* Goal of the exercise
In the listing below, find the line with "- 【Dieser Nachttisch】Dieser" and copy every line from there up to and including the line with "Women’s gorgeous masquerade", exactly and without pictures.

----------

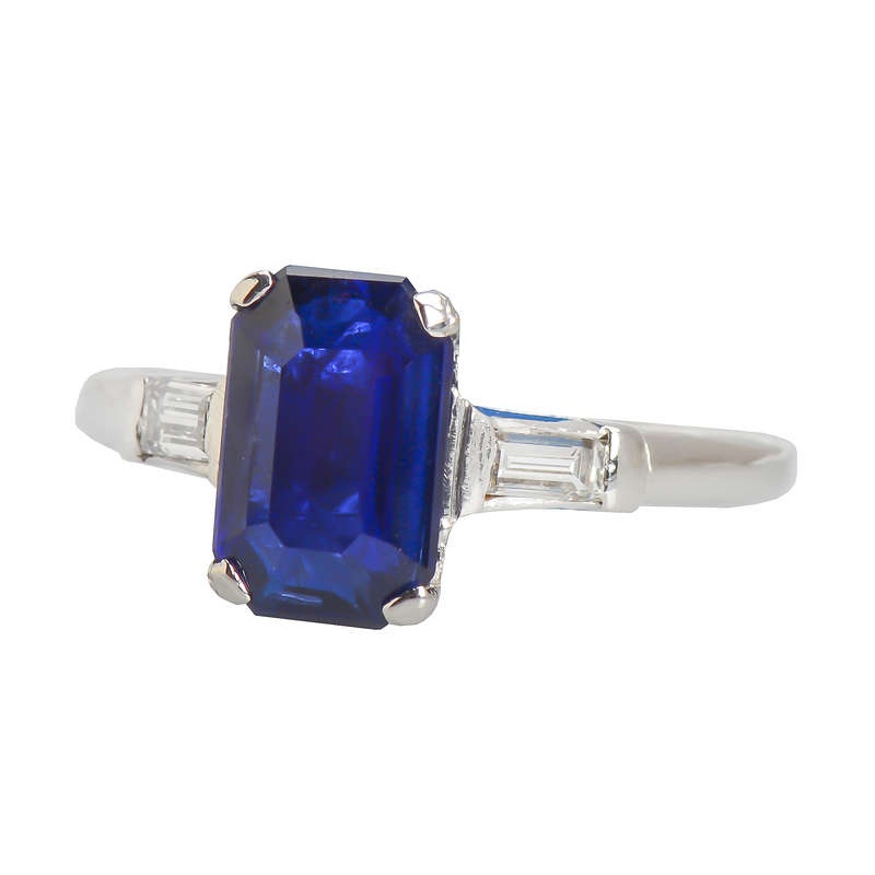 A 2.15 carat emerald cut royal blue sapphire has an air of mystery about it. One of the intrigues of gemstones is that no two are alike, and this mid-century ring sparks that special something.
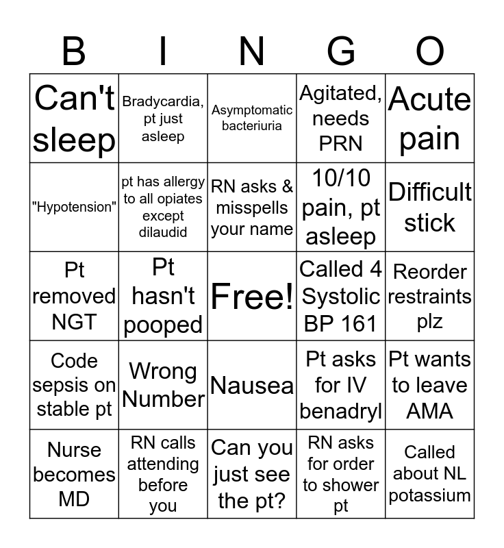 This bingo card has a free space and 24 words: Wrong Number, RN calls attending before you, RN asks & misspells your name, Nurse becomes MD, Acute pain, Can't sleep, "Hypotension", Bradycardia, pt just asleep, Called 4 Systolic BP 161, Nausea, 10/10 pain, pt asleep, Pt removed NGT, Pt asks for IV benadryl, Pt wants to leave AMA, pt has allergy to all opiates except dilaudid, RN asks for order to shower pt, Reorder restraints plz, Asymptomatic bacteriuria, Difficult stick, Pt hasn't pooped, Called about NL potassium, Code sepsis on stable pt, Agitated, needs PRN and Can you just see the pt?.
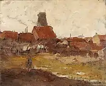 One of the first cityscapes painted by Piet Mondrian is the work from ca. 1895 entitled "View of Schinkelbuurt" (Gezicht op Schinkelbuurt). The painting shows part of the district bathed in sunlight. This neighborhood, inhabited from the Middle Ages at the end of the Overtoomse canal, belonged to the edges of the city in Mondrian's time. Mondrian based his landscapes and cityscapes on direct observation.
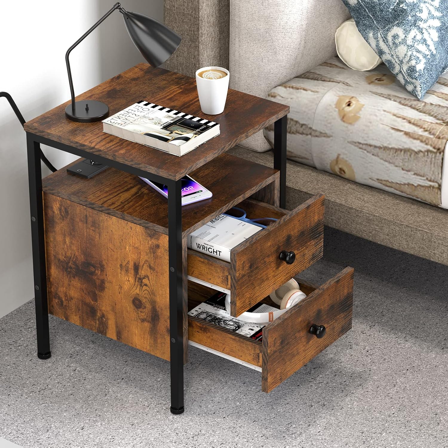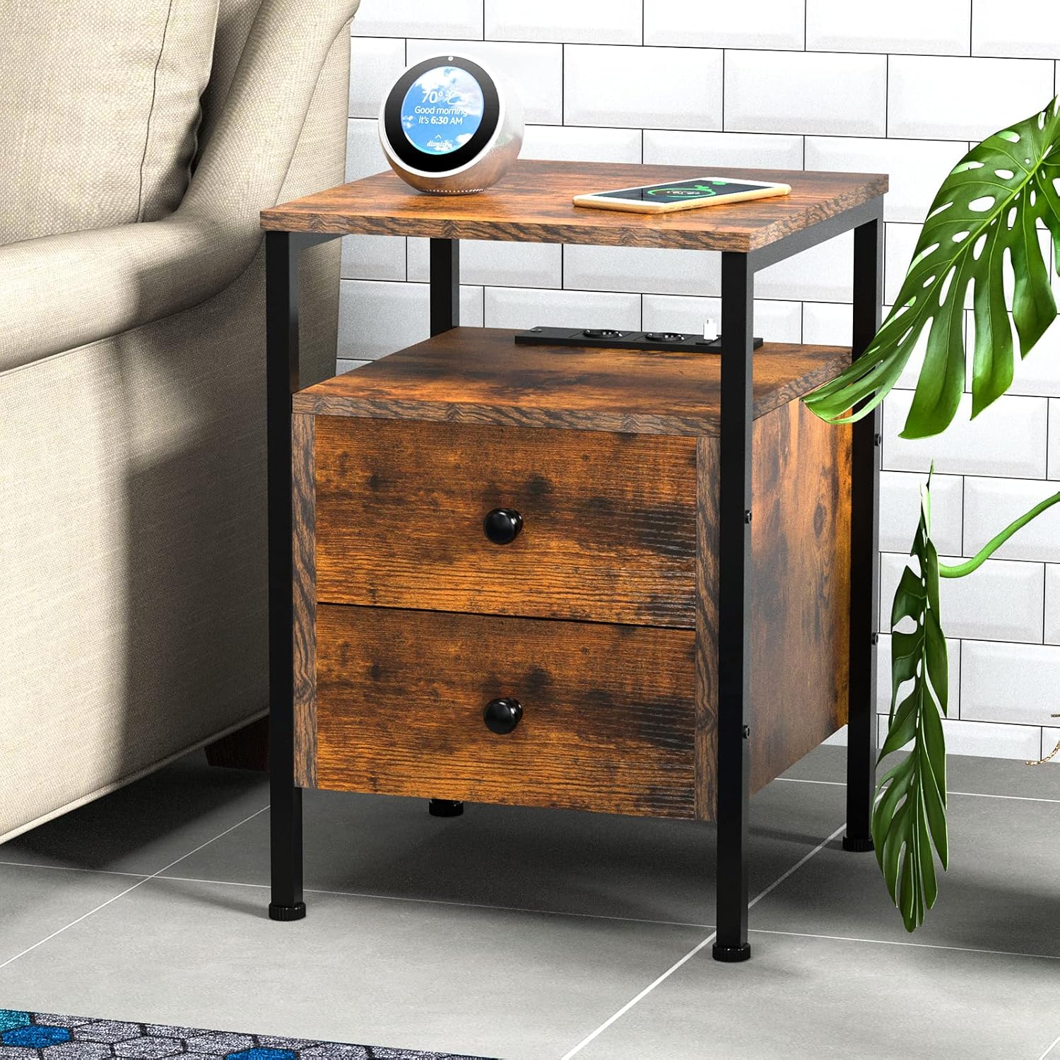 - 【Dieser Nachttisch】Dieser Nachttisch ist mit einen Stecker. Der Stecker ist mit 2 AC Steckdose(Max 230-250V) und 2 USB(Max 5.1V/2.1A) Anschlüsse. Das Kabel ist 1.5 Meter. Dieser Nachttisch mit 2 Schubladen kann alle Ihre Speicher Erforderungen
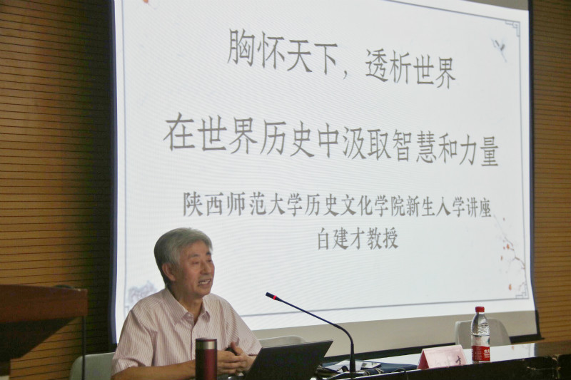 为帮助大一新生了解公司专业发展,进一步认识世界史学科专业。9月9日下午2点,,由公司博士生导师、世界史学科带头人白建才教授主讲的题目《胸怀天下,透析世界——在世界历史中汲取智慧和力量》,2018新生入学教育系列讲座第三讲在崇鋈楼三层归仁堂进行。公司党委副书记程蕾,18级辅导员鲁旭萌参加讲座,讲座由程蕾主持。
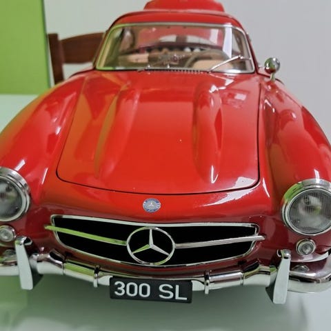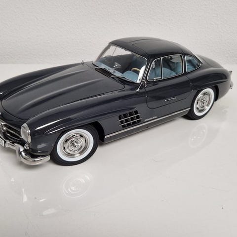 Eaglemoss Mercedes-Benz 300 SL Gullwing 1955 i skala 1:8, model i hvidmetallet metal, i meget god stand med en manglende sideskærm, en afbrudt men medfølgende wiper, en dør der ikke holder sig åben, og elektronik der ikke virker. Klik på den blå "gå til varen" knap, for at købe eller byde på denne vare. Den samlede pris vil blive vist inden du afgiver dit bud.
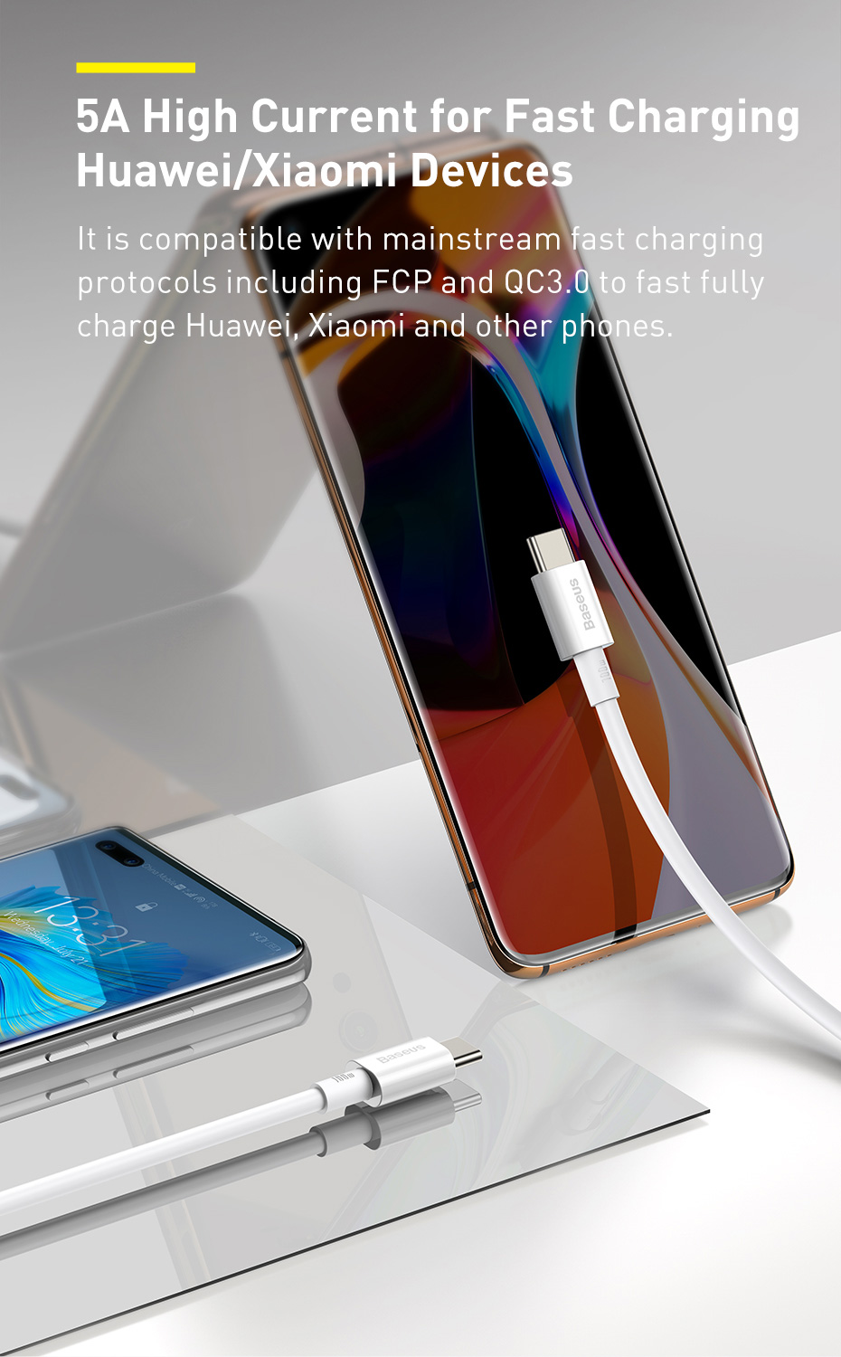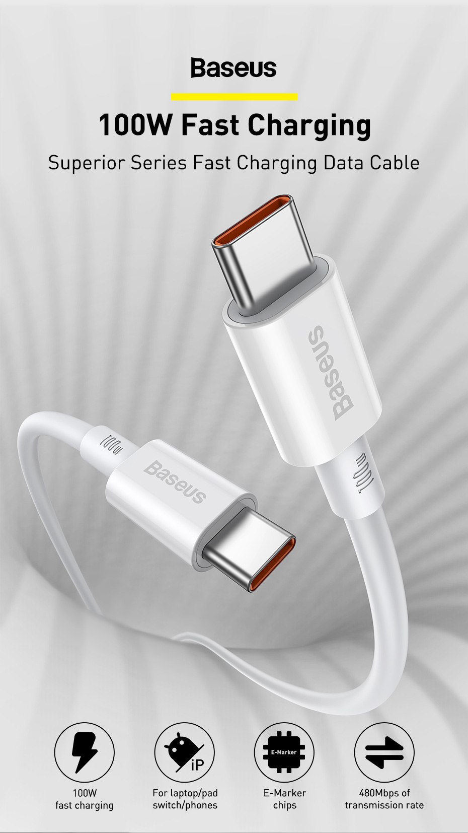 Baseus CATYS-C02 – 100W, USB Type-C to USB Type-C Fast Charging Data Cable, Cable Length:2m – White
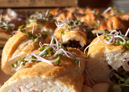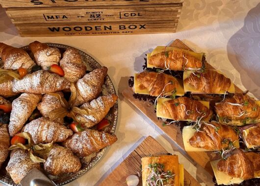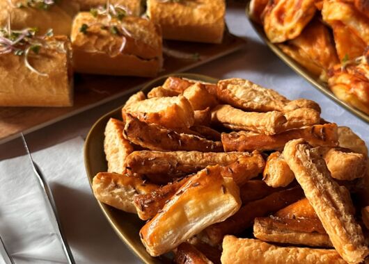 • Savoury pastries, sweet pastries: cinnamon snails, homemade strudel (poppy seed, walnut with apples), crackling, pizza cakes
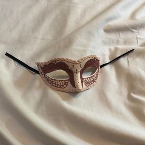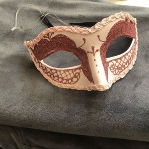 Women’s gorgeous masquerade mask with pink glitter and lace trim details.
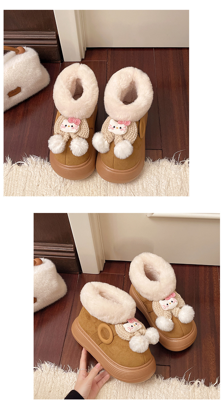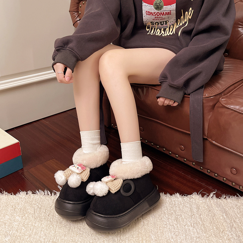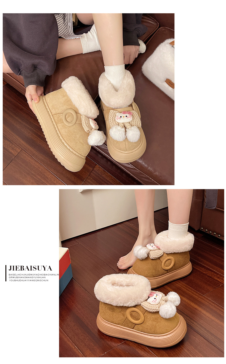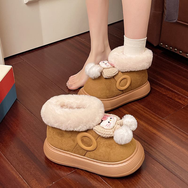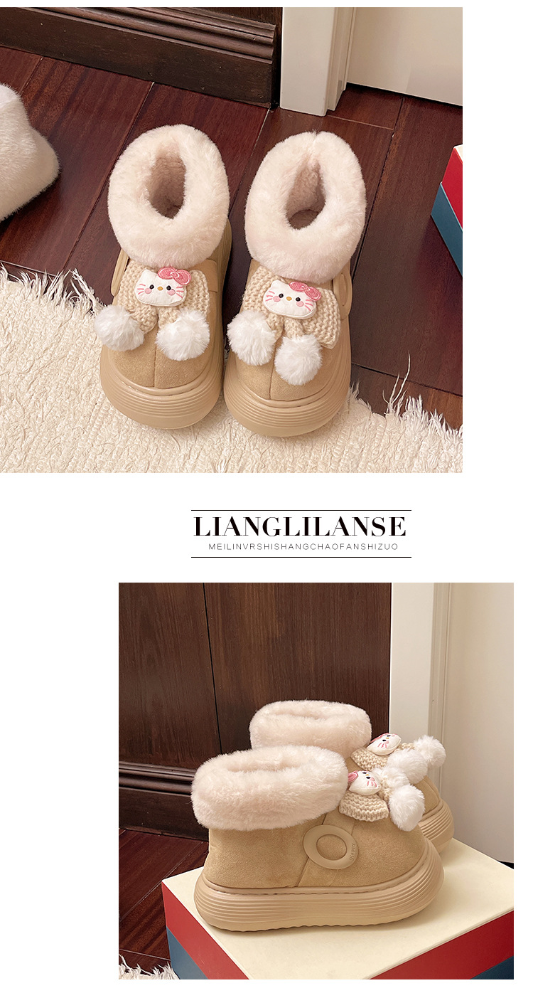 Красивые, с плюшевым толстым дном, женские снежные сапоги 2025 новые осенне - зимние противоскользящие теплые хлопчатобумажные сапоги, шерстяные хлопчатобумажные туфли

----------

* Solution to this exercise
 - 【Dieser Nachttisch】Dieser Nachttisch ist mit einen Stecker. Der Stecker ist mit 2 AC Steckdose(Max 230-250V) und 2 USB(Max 5.1V/2.1A) Anschlüsse. Das Kabel ist 1.5 Meter. Dieser Nachttisch mit 2 Schubladen kann alle Ihre Speicher Erforderungen
 为帮助大一新生了解公司专业发展,进一步认识世界史学科专业。9月9日下午2点,,由公司博士生导师、世界史学科带头人白建才教授主讲的题目《胸怀天下,透析世界——在世界历史中汲取智慧和力量》,2018新生入学教育系列讲座第三讲在崇鋈楼三层归仁堂进行。公司党委副书记程蕾,18级辅导员鲁旭萌参加讲座,讲座由程蕾主持。
 Eaglemoss Mercedes-Benz 300 SL Gullwing 1955 i skala 1:8, model i hvidmetallet metal, i meget god stand med en manglende sideskærm, en afbrudt men medfølgende wiper, en dør der ikke holder sig åben, og elektronik der ikke virker. Klik på den blå "gå til varen" knap, for at købe eller byde på denne vare. Den samlede pris vil blive vist inden du afgiver dit bud.
 Baseus CATYS-C02 – 100W, USB Type-C to USB Type-C Fast Charging Data Cable, Cable Length:2m – White
 • Savoury pastries, sweet pastries: cinnamon snails, homemade strudel (poppy seed, walnut with apples), crackling, pizza cakes
 Women’s gorgeous masquerade mask with pink glitter and lace trim details.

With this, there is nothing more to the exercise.